La tensione di The Vanishing Soldier è amplificata dalla colonna sonora, con i suoi rulli di tamburo che enfatizzano la fuga di Shlomi. Nonostante il giovane insista di sapere cosa sta facendo, l’attore trasmette efficacemente, scena dopo scena, una significativa incertezza sulle conseguenze della sua decisione. La crescente consapevolezza che la fuga non risolverà i suoi problemi si riflette nel suo comportamento. Interpretato da Ido Tako, Shlomi rappresenta metaforicamente la desensibilizzazione dei giovani al combattimento. Il film, diretto e co-sceneggiato da Dani Rosenberg, mescola con efficacia l’assurdo e il dramma esistenziale, ponendo in questione se il giovane agisca per principi o sia semplicemente smarrito, sfuggendo ai suoi doveri.

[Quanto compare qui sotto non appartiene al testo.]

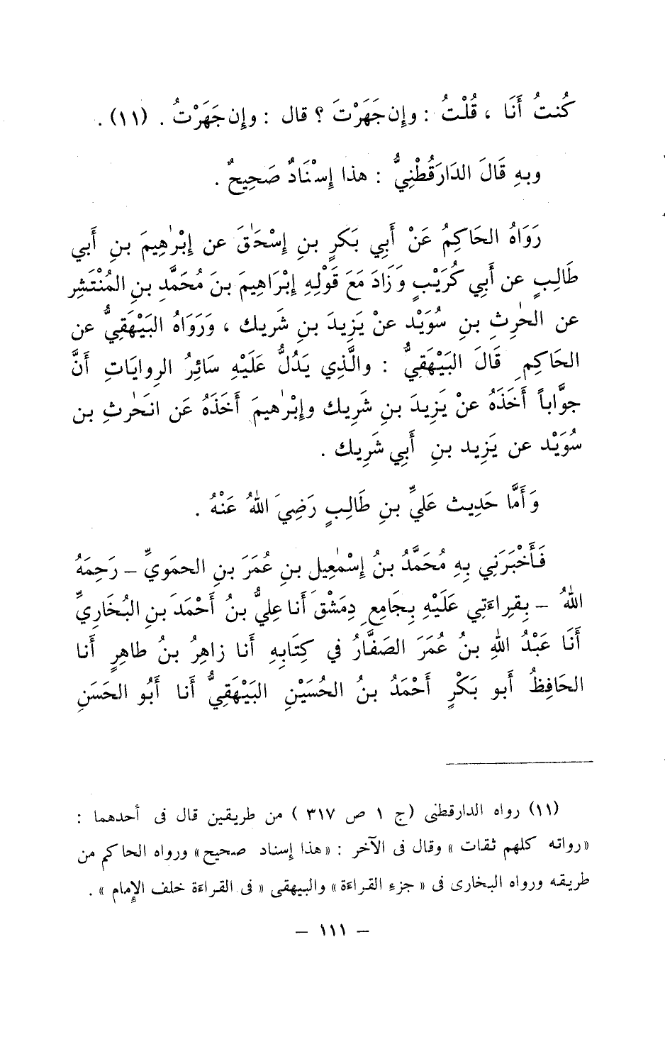 كُنْتُ أَنَا قُلْتُ وَإِنْ جَهَرْتَ قَالَ وَإِنْ جَهَرْتُ وَبِهِ قَالَ الدَّارَقُطْنِيُّ هَذَا إِسْنَادٌ صَحِيحٌ رَوَاهُ الْحَاكِمُ عَنْ أَبِي بَكْرِ بْنِ اسحق عَنْ إِبْرَاهِيمَ بْنِ أَبِي طَالِبٍ عَنْ أَبِي كُرَيْبٍ وَزَادَ مَعَ قَوْلِهِ إِبْرَاهِيمُ بْنُ مُحَمَّدِ بْنِ الْمُنْتَشِر عَن الْحَرْث بْنِ سُوَيْدٍ عَنْ يَزِيدَ بْنِ شَرِيكٍ وَرَوَاهُ الْبَيْهَقِيُّ عَنِ الْحَاكِمِ قَالَ الْبَيْهَقِيُّ وَالَّذِي يَدُلُّ عَلَيْهِ سَائِرُ الرِّوَايَاتِ أَنَّ جَوَّابًا أَخَذَهُ عَنْ يَزِيدَ بْنِ شَرِيكٍ وَإِبْرَاهِيمُ اخذه عَن انحرث بْنِ سُوَيْدٍ عَنْ يَزِيدَ بْنِ أَبِي شَرِيكٍ وَأَمَّا حَدِيثُ عَلِيِّ بن طَالِبٍ رَضِيَ اللَّهُ عَنْهُ فَأَخْبَرَنِي بِهِ مُحَمَّدُ بْنُ إِسْمَاعِيلَ بْنِ عُمَرَ بْنِ الْحَمَوِيِّ رَحِمَهُ اللَّهُ بِقِرَاءَتِي عَلَيْهِ بِجَامِعِ دِمَشْقَ أَنَا عَلِيُّ بْنُ أَحْمَدَ بْنِ الْبُخَارِيِّ أَنَا عَبْدُ اللَّهِ بْنُ عُمَرَ الصَّفَّارُ فِي كِتَابِهِ أَنَا زَاهِرُ بْنُ طَاهِرٍ أَنَا الْحَافِظُ أَبُو بَكْرٍ أَحْمَدُ بْنُ الْحُسَيْنِ الْبَيْهَقِيُّ أَنَا أَبُو الْحَسَنِ

Sebbene The Vanishing Soldier presenti una certa schematicità negli incontri che il protagonista Shlomi affronta durante la sua fuga, il film mantiene un solido sotto testo antimilitarista. Rosenberg presenta bene scene che evidenziano con efficacia l’assurdo della guerra, come quelle in cui dei bambini giocano spensierati proprio nel bel mezzo di un confronto teso tra l’esercito israeliano e Hamas, mostrando un contrasto stridente tra l’innocenza infantile e la gravità del conflitto.

Per comprendere a fondo l’ultimo film di Dani Rosenberg, è essenziale riconoscere il conflitto interno del protagonista, che in un contesto di guerra obbligatoria, mette in luce l’ineluttabilità della sua condizione. Insomma, nonostante i suoi tentativi di fuga, non esiste una reale via di scampo.